= Try it =
Return the listing below exactly. Leave its pictures out.

= Data =
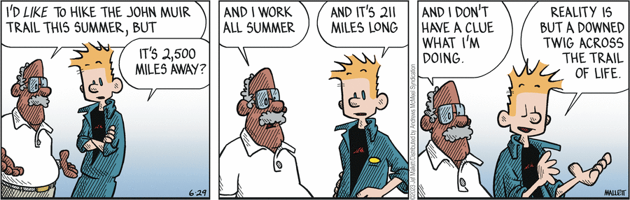 For a moment this past week, I thought Frazz (AMS) was going to win an Unfortunate Timing Award along with the Titan disaster. Fortunately, Dr. Spaetzle is only tackling the John Muir Trail virtually.
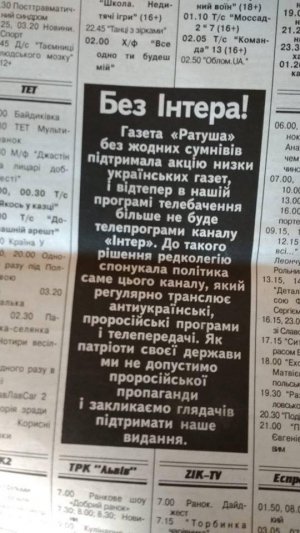 Без Интера: газета "Ратуша" отказывается печатать программу телеканала
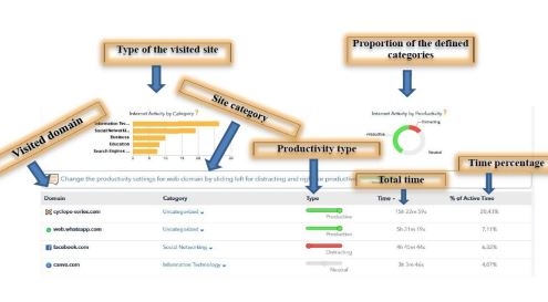 ✔ Unproductive time (Social networking, News, Sports, Games, Online shopping, etc.)
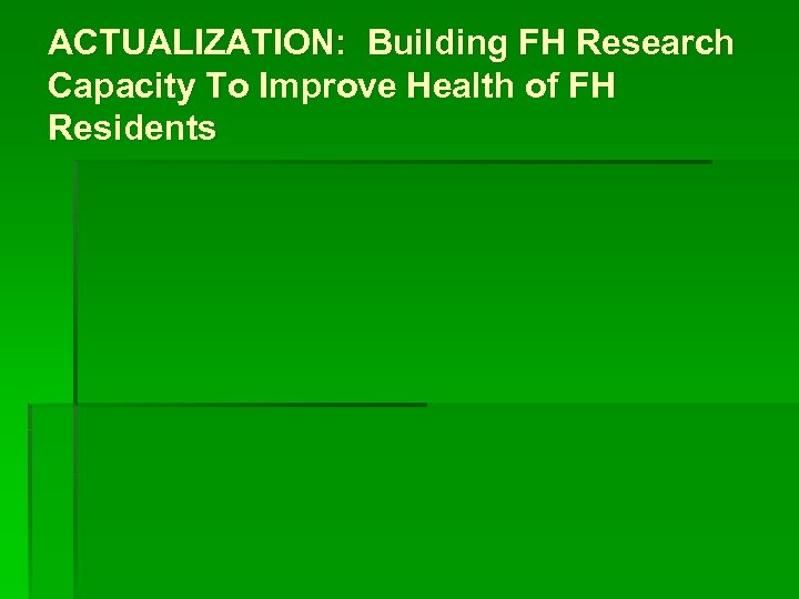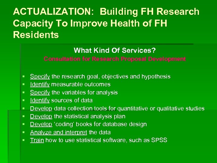 ACTUALIZATION: Building FH Research Capacity To Improve Health of FH Residents What Kind Of Services? Consultation for Research Proposal Development § § § § § Specify the research goal, objectives and hypothesis Identify measurable outcomes Specify the variables for analysis Identify sources of data Develop data collection tools for quantitative or qualitative studies Develop the statistical analysis plan Develop ‘coding’ books for database design Analyze and interpret the data Train how to use statistical software, such as SPSS

= Solution to the problem =
 For a moment this past week, I thought Frazz (AMS) was going to win an Unfortunate Timing Award along with the Titan disaster. Fortunately, Dr. Spaetzle is only tackling the John Muir Trail virtually.
 Без Интера: газета "Ратуша" отказывается печатать программу телеканала
 ✔ Unproductive time (Social networking, News, Sports, Games, Online shopping, etc.)
 ACTUALIZATION: Building FH Research Capacity To Improve Health of FH Residents What Kind Of Services? Consultation for Research Proposal Development § § § § § Specify the research goal, objectives and hypothesis Identify measurable outcomes Specify the variables for analysis Identify sources of data Develop data collection tools for quantitative or qualitative studies Develop the statistical analysis plan Develop ‘coding’ books for database design Analyze and interpret the data Train how to use statistical software, such as SPSS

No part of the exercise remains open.